6.2 Complements

In order to make an $M$-type kernel estimate scale invariant, it must be coupled with an estimate of scale. This coupling can be done by simultaneously estimating the regression and the scale curve. To fix ideas, assume that

\begin{displaymath}f(y\vert x)=(1/\sigma(x)) f_0((y-m(x))/ \sigma(x)),
x \in \mathbb{R}^d,\end{displaymath}

with an unknown $f_0$ and regression curve $m(x)$ and scale curve $\sigma (x)$. Define, for the moment,

\begin{displaymath}\psi(u) = -(d/du) \log f(u \vert x)\end{displaymath}

and

\begin{displaymath}\chi(u) = (\psi(u) u - 1).\end{displaymath}

Also define for $v \in \mathbb{R}, w \in \mathbb{R}^+$ and fixed $x \in \mathbb{R}^d$,
$\displaystyle T_1(v,w)$ $\textstyle =$ $\displaystyle \int \psi\left({y-v \over w}\right) d F(y \vert x)$ (6.2.8)
$\displaystyle T_2(v,w)$ $\textstyle =$ $\displaystyle \int \chi \left({y-v \over w}\right) d F(y \vert x).$ (6.2.9)

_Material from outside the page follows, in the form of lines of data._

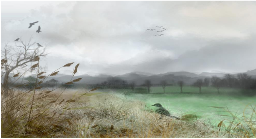
Digitales Foto, das mit einem digitalen Pinsel aufgenommen wurde
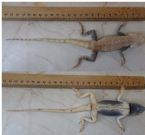
شکل ۳- کویر مرنجاب، خانواده آگامیده، گونه Trapelus agilis

۱. Trapelus agilis (Oliver 1804): بزرگترین نمونه اندازه‌گیری شده از T. agilis در این پژوهش دارای طول پوزه تا مخرج و طول دم به ترتیب ۹۶ و ۱۶۱ میلی‌متر در جنس نر و ۹۴ و ۱۶۰ میلی‌متر در جنس ماده است. میانگین طول دم در جنس نر ۱۵۶/۲ و در جنس ماده ۱۳۳/۵ میلی‌متر به دست آمد. این نشان می‌دهد طول دم در نرها بیشتر از ماده‌ها است (شکل ۳). رستگار پویانی و همکاران (۱۳۸۶) طول پوزه تا مخرج T. agilis را ۱۱۵ میلی‌متر و طول دم را ۱۷۷ میلی‌متر گزارش دادند (۹). در حالی‌که یاری (۱۳۸۹) و بهمنی (۱۳۹۰) به ترتیب در کرمانشاه و کردستان اندازه طول پوزه تا مخرج را ۹۴/۵ تا ۱۵۴ میلی‌متر و ۱۷۵،۶ تا ۱۴۴ میلی‌متر گزارش دادند (۳ و ۱۶). از نظر پراکنش با دو گونه دیگر خانواده آگامیده در ناحیه مورد مطالعه همپوشانی دارد. این گونه در روزهای آفتابی بیشتر دیده می‌شود و مطالعات نشان می‌دهد که از حشرات، عنکبوتیان، هزارپایان و گاهی از مواد گیاهی تغذیه می‌کنند (۳).
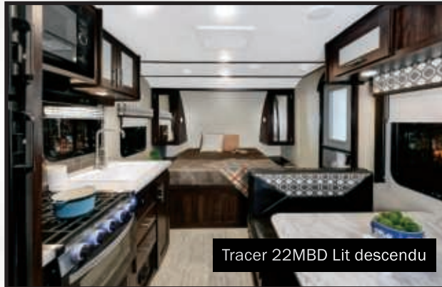
Tracer 22MBD Lit descendu
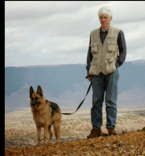
A gének a gazdi

Eszerint a feladat az, hogy fejtsük meg, mikor épp miképpen szolgálja.
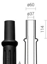
тип окончания „А” – Ø60

F - повышенной термической стойкости – для опор, предназначенных для использования в регионах, где температура воздуха ниже чем -30°C, а также превышает +40°C. Это касается опор чёрного цвета.
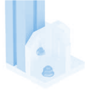
Fußkonsole Foot Console
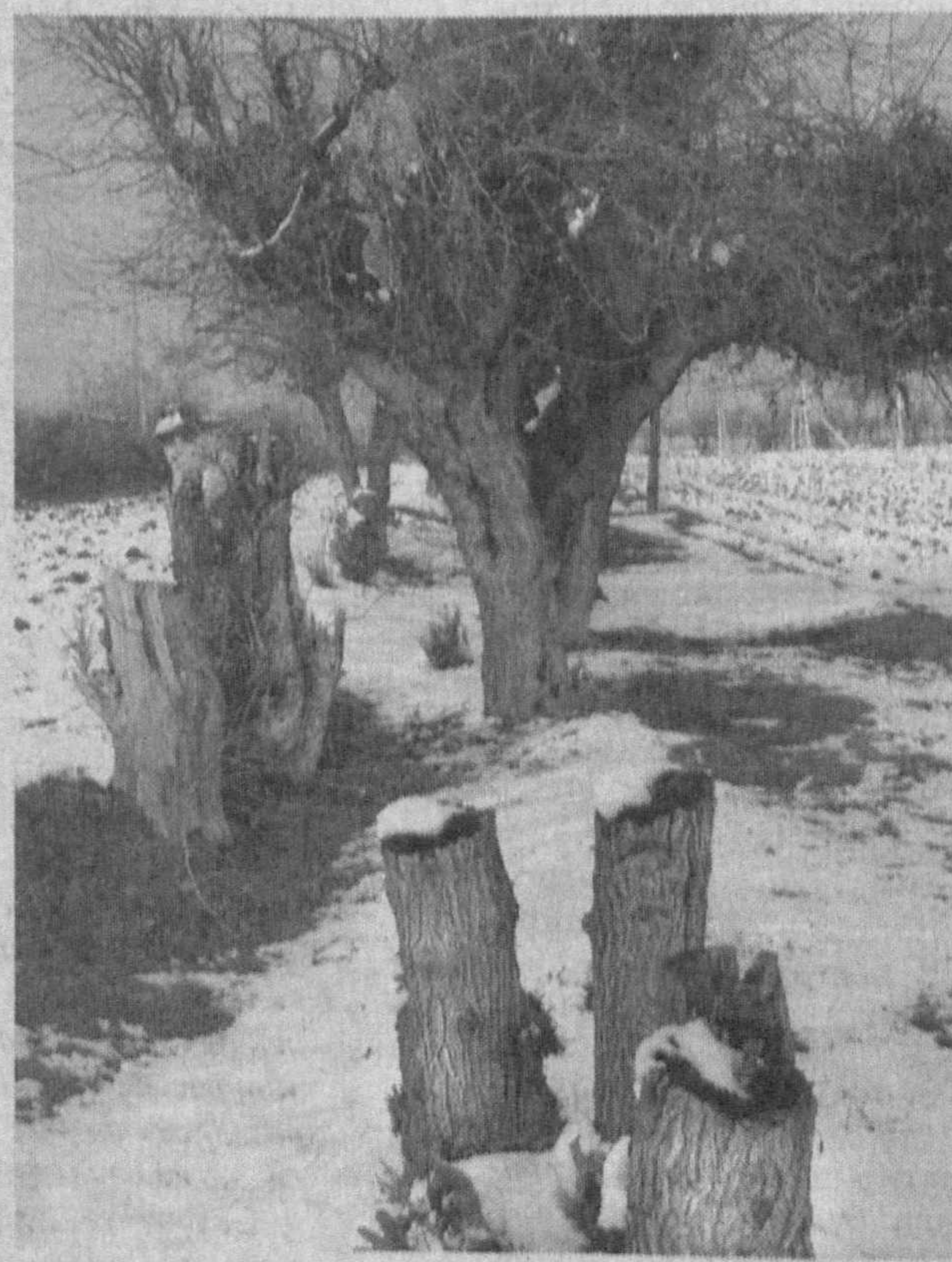
Бир туп тут эксанг, юз йил гавҳар терасан.
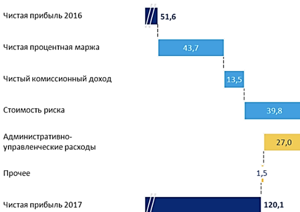
Рис. 1. Факторный анализ чистой прибыли ПАО «ВТБ» за 2017 год

факторный анализ чистой прибыли предприятия. Факторный анализ ПАО «ВТБ» представлен на рисунке 1 [4].
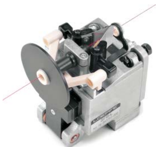
Freno de muelle de cromo corto

The curves $(m(x),\sigma(x))$ satisfy by definition

\begin{displaymath}T_1(m(x), \sigma(x)) =T_2(m(x),\sigma(x))=0.\end{displaymath}

In practice, one does not know $F(\cdot\vert x)$ and hence cannot compute $T_1$ or $T_2$. The approach taken is to replace $F(\cdot\vert x)$ by $F_n(\cdot \vert x)$, a kernel estimate of the conditional distribution function, and to assume that $\psi$ and $\chi$ are bounded functions to achieve desirable robustness properties. Huber (1981, chapter 6.4) gives examples of functions $\psi$ and $\chi$. One of them is

\begin{eqnarray*}
\psi(u) &= &\min (c, \max(-c,u)),\ c>0, \cr
\chi(u) &=& \psi^2(u) - \beta, \end{eqnarray*}



with $\beta= E_{\Phi} \psi^2(u),$ where $\Phi$ denotes the standard normal distribution. Consistency for the scale estimate may be obtained for the normal model: Under the assumption that the error is standard normally distributed, the functions $\psi(u)=u$ and $\chi(u)= \psi^2(u)- \beta = u^2-1
$ give the conditional mean as regression curve $m(x)$ and the conditional standard deviation as scale curve $\sigma (x)$. In fact, the parameter $\beta$ plays the role of a normalizing constant: If one wishes to ``interpret" the scale curve with respect to some other distribution $G$ different from the normal $\Phi$, one can set $\beta = E_G \psi^2(u)$.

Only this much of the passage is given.